Class that stores a single ensemble of decision trees (often treated as the "active forest")

Wrapper around a C++ tree ensemble

Public fields

forest_ptr: External pointer to a C++ TreeEnsemble class

Methods

Public methods

Forest$new()
Forest$predict()
Forest$predict_raw()
Forest$set_root_leaves()
Forest$prepare_for_sampler()
Forest$adjust_residual()
Forest$num_trees()
Forest$output_dimension()
Forest$is_constant_leaf()
Forest$is_exponentiated()
Forest$add_numeric_split_tree()
Forest$get_tree_leaves()
Forest$get_tree_split_counts()
Forest$get_forest_split_counts()
Forest$tree_max_depth()
Forest$average_max_depth()

Method `new()`

Create a new Forest object.

Usage

Forest$new(
  num_trees,
  output_dimension = 1,
  is_leaf_constant = F,
  is_exponentiated = F
)

Arguments

num_trees: Number of trees in the forest
output_dimension: Dimensionality of the outcome model
is_leaf_constant: Whether leaf is constant
is_exponentiated: Whether forest predictions should be exponentiated before being returned

Returns

A new Forest object.

Method `predict()`

Predict forest on every sample in forest_dataset

Usage

Forest$predict(forest_dataset)

Arguments

forest_dataset: ForestDataset R class

Returns

vector of predictions with as many rows as in forest_dataset

Method `predict_raw()`

Predict "raw" leaf values (without being multiplied by basis) for every sample in forest_dataset

Usage

Forest$predict_raw(forest_dataset)

Arguments

forest_dataset: ForestDataset R class

Returns

Array of predictions for each observation in forest_dataset and each sample in the ForestSamples class with each prediction having the dimensionality of the forests' leaf model. In the case of a constant leaf model or univariate leaf regression, this array is a vector (length is the number of observations). In the case of a multivariate leaf regression, this array is a matrix (number of observations by leaf model dimension, number of samples).
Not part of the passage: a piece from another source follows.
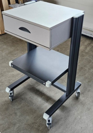 Carrello per supporto dispositivi medici con cassetto in laminato plastico, colonne in alluminio, ripiano in acciaio verniciato, base in tubolare, ruote diametro 80mm.

Method `set_root_leaves()`

Set a constant predicted value for every tree in the ensemble. Stops program if any tree is more than a root node.

Usage

Forest$set_root_leaves(leaf_value)

Arguments

leaf_value: Constant leaf value(s) to be fixed for each tree in the ensemble indexed by forest_num. Can be either a single number or a vector, depending on the forest's leaf dimension.

Method `prepare_for_sampler()`

Set a constant predicted value for every tree in the ensemble. Stops program if any tree is more than a root node.

Usage

Forest$prepare_for_sampler(
  dataset,
  outcome,
  forest_model,
  leaf_model_int,
  leaf_value
)

Arguments

dataset: ForestDataset Dataset class (covariates, basis, etc...)
outcome: Outcome Outcome class (residual / partial residual)
forest_model: ForestModel object storing tracking structures used in training / sampling
leaf_model_int: Integer value encoding the leaf model type (0 = constant gaussian, 1 = univariate gaussian, 2 = multivariate gaussian, 3 = log linear variance).
leaf_value: Constant leaf value(s) to be fixed for each tree in the ensemble indexed by forest_num. Can be either a single number or a vector, depending on the forest's leaf dimension.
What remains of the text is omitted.